Could you retype, exactly and with no pictures, only the lines from the first line of the records below through the line that contains "Друзья, если у"?
----- THE INPUT -----
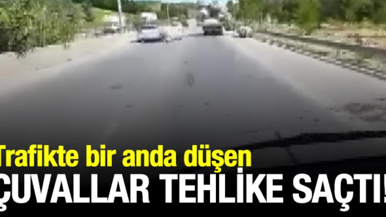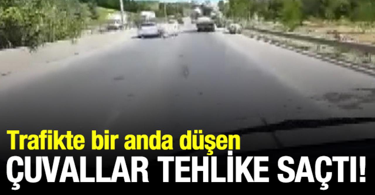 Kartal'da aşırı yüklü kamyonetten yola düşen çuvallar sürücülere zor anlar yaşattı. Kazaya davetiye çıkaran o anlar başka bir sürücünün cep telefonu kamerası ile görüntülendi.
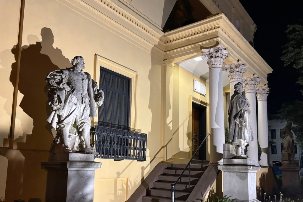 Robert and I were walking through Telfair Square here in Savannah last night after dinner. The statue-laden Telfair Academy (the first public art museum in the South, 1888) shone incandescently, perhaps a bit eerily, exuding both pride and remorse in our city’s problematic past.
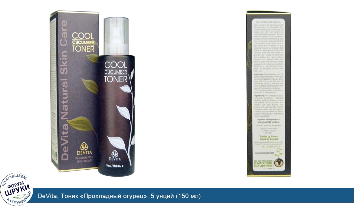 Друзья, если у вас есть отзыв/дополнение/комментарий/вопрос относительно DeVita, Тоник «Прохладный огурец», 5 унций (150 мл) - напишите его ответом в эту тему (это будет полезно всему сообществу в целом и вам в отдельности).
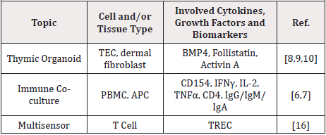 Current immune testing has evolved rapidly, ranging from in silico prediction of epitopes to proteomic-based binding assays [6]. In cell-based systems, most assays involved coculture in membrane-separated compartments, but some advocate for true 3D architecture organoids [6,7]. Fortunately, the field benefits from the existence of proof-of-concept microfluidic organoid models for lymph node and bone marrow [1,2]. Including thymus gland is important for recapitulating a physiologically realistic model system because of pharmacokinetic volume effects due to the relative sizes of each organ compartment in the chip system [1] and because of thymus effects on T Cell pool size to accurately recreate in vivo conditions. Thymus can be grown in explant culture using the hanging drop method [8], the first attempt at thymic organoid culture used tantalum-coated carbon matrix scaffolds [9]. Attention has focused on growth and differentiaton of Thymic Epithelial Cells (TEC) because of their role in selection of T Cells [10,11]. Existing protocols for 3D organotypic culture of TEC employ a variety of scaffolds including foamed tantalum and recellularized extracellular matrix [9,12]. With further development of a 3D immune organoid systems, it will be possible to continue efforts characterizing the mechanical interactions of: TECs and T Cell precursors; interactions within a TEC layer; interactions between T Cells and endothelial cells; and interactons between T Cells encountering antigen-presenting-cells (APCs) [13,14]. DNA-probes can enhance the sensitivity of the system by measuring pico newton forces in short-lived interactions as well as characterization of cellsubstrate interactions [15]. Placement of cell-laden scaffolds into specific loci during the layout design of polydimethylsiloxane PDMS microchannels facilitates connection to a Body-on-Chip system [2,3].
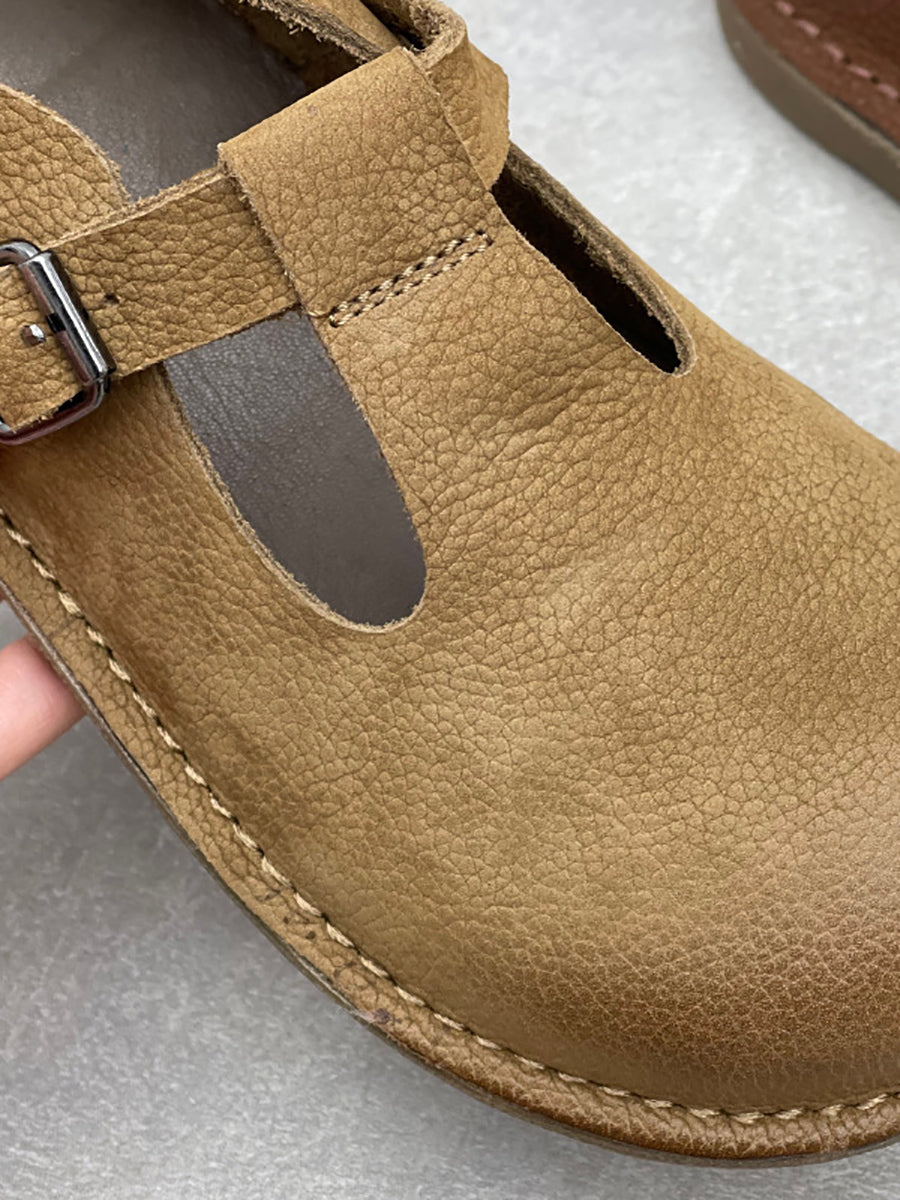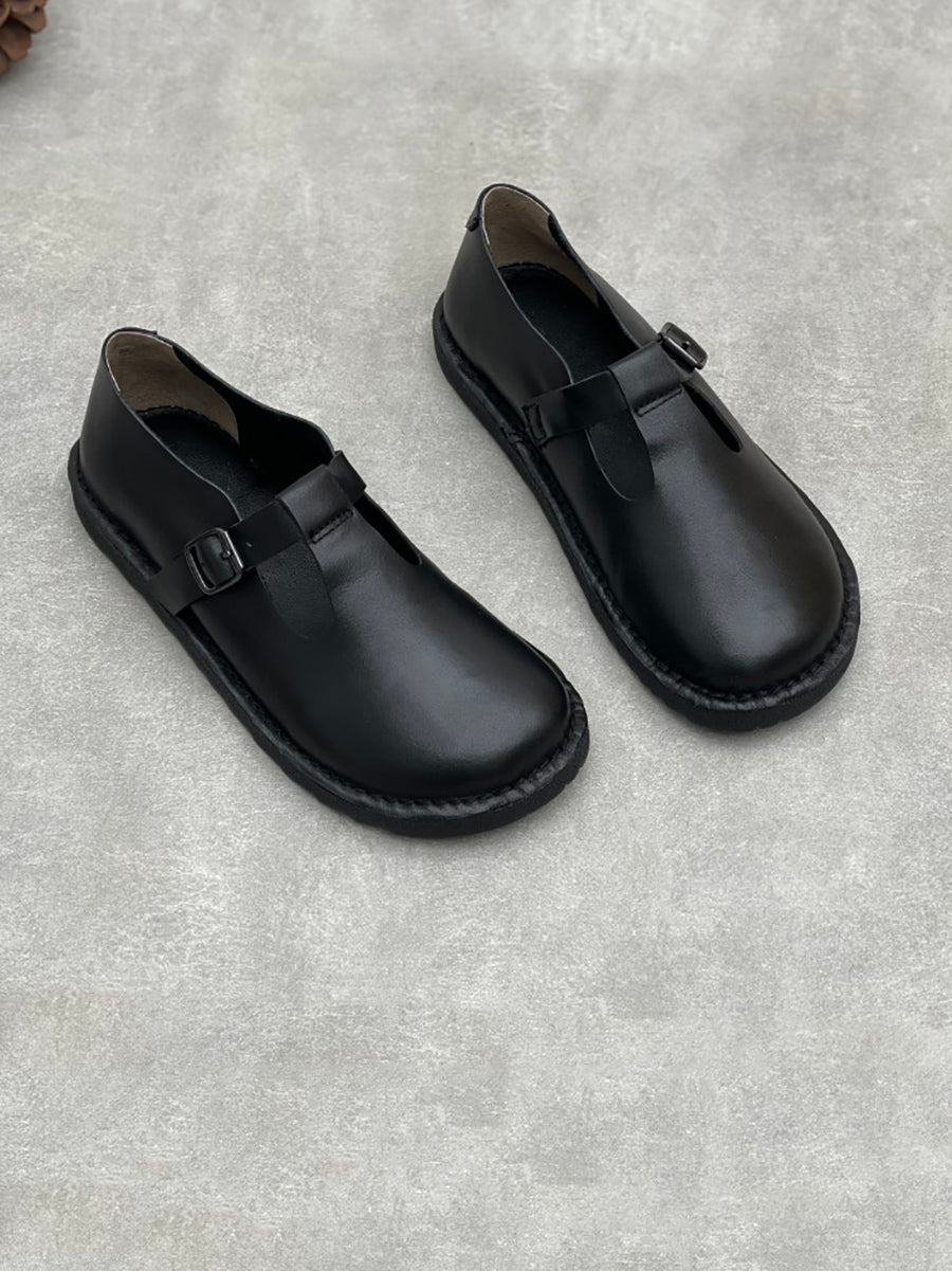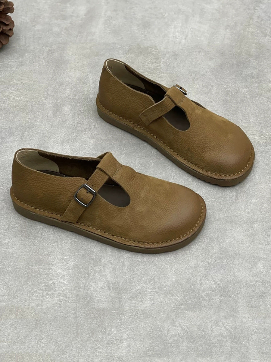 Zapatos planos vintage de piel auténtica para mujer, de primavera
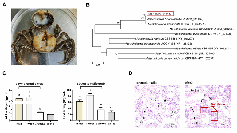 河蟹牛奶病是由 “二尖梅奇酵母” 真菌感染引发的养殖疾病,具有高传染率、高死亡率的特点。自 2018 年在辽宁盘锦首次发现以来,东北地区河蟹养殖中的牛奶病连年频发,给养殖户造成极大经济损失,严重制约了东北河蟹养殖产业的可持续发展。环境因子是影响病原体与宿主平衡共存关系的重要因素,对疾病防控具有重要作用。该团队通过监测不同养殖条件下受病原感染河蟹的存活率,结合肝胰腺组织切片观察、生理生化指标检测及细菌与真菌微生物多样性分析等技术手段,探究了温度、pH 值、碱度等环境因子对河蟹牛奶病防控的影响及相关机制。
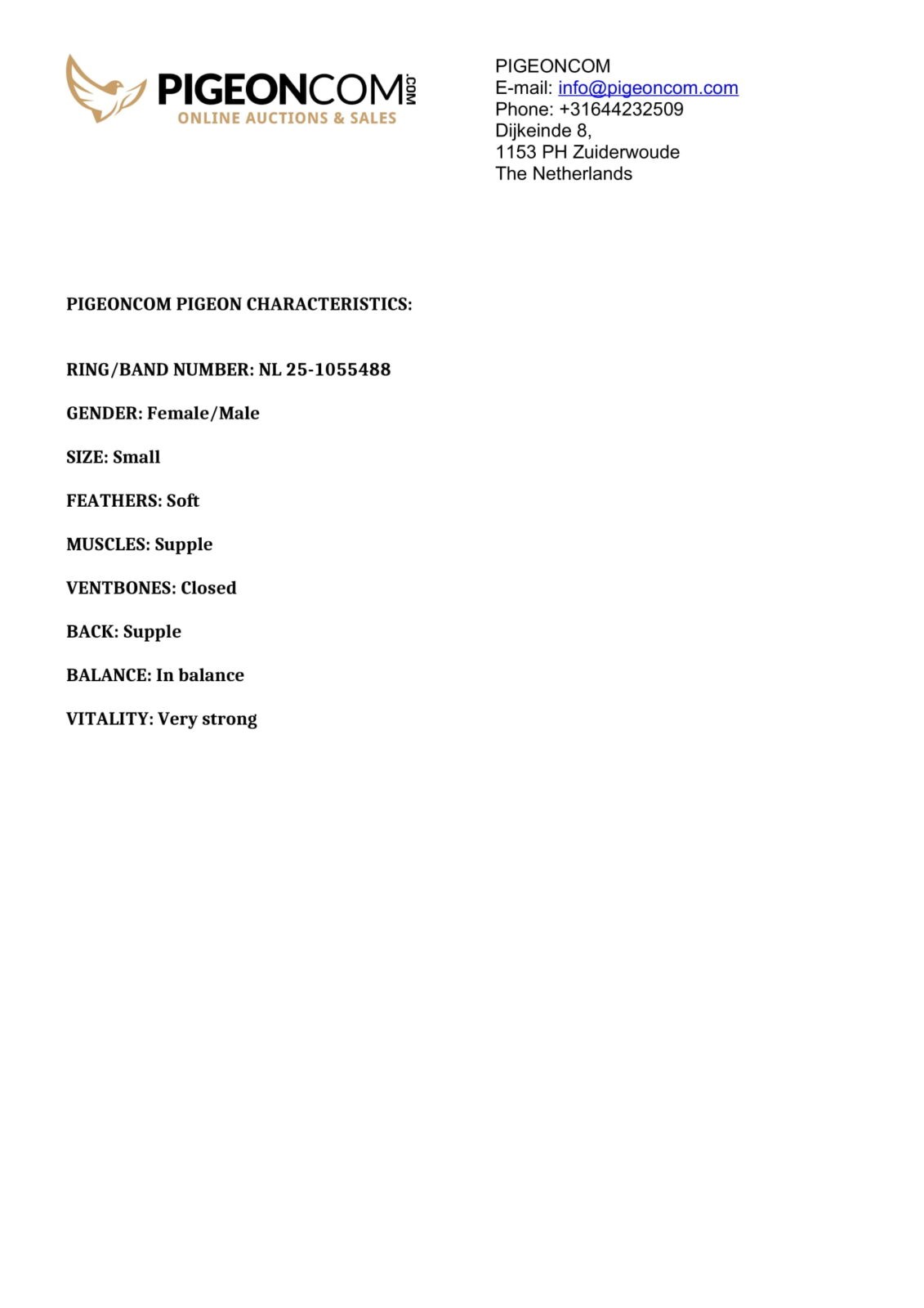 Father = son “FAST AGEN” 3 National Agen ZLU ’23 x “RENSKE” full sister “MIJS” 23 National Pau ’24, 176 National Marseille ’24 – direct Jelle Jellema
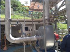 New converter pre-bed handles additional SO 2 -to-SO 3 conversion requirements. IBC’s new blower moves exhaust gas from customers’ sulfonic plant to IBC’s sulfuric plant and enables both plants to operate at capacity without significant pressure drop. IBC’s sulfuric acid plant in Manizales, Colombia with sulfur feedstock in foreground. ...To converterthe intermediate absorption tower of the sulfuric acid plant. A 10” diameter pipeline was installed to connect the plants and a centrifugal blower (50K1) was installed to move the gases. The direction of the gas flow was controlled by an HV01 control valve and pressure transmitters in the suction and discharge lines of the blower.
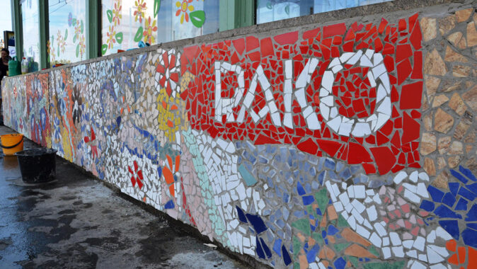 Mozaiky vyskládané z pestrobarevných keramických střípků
-----
#### [ANSWER TO THE PROBLEM]
 Kartal'da aşırı yüklü kamyonetten yola düşen çuvallar sürücülere zor anlar yaşattı. Kazaya davetiye çıkaran o anlar başka bir sürücünün cep telefonu kamerası ile görüntülendi.
 Robert and I were walking through Telfair Square here in Savannah last night after dinner. The statue-laden Telfair Academy (the first public art museum in the South, 1888) shone incandescently, perhaps a bit eerily, exuding both pride and remorse in our city’s problematic past.
 Друзья, если у вас есть отзыв/дополнение/комментарий/вопрос относительно DeVita, Тоник «Прохладный огурец», 5 унций (150 мл) - напишите его ответом в эту тему (это будет полезно всему сообществу в целом и вам в отдельности).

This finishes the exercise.